The 4090 offers 82.58 teraflops of single-precision performance compared to the ...

adrian_b · 2024-12-24T16:12:46 1735056766

On the other hand, for double precision a Radeon Pro VII is many times faster than a RTX 4090 (due to 1:2 vs. 1:64 FP64:FP32 ratio).

Moreover, for workloads limited by the memory bandwidth, a Radeon Pro VII and a RTX 4090 will have about the same speed, regardless what kind of computations are performed. It is said that speed limitation by memory bandwidth happens frequently for ML/AI inferencing.

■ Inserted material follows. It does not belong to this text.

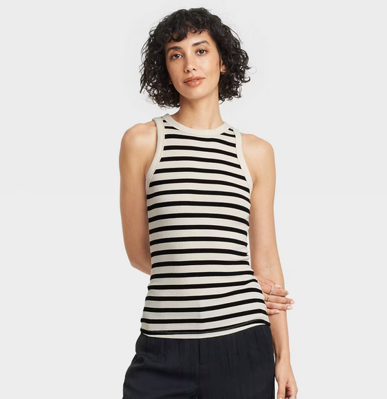 - Rib-knit tank top makes for a classic wardrobe staple

ryao · 2024-12-25T01:39:35 1735090775

Double precision is not used in either inference or training as far as I know.

adrian_b · 2024-12-25T11:34:36 1735126476

Even the single precision given by the previous poster is seldom used for inference or training.

Because the previous poster had mentioned only single precision, where RTX 4090 is better, I had to complete the data with double precision, where RTX 4090 is worse, and memory bandwidth where RTX 4090 is the same, otherwise people may believe that progress in GPUs over 5 years has been much greater than it really is.

Moreover, memory bandwidth is very relevant for inference, much more relevant than FP32 throughput.

llm_trw · 2024-12-27T06:23:01 1735280581

For people wondering:

Titan V: 7.8 TFLOPs

AMD Radeon Pro VII: 6.5 TFLOPs

AMD Radeon VII: 3.52 TFLOPs

4090: 1.3 TFLOPs

llm_trw · 2024-12-24T22:50:23 1735080623

For inference sure, for training: no.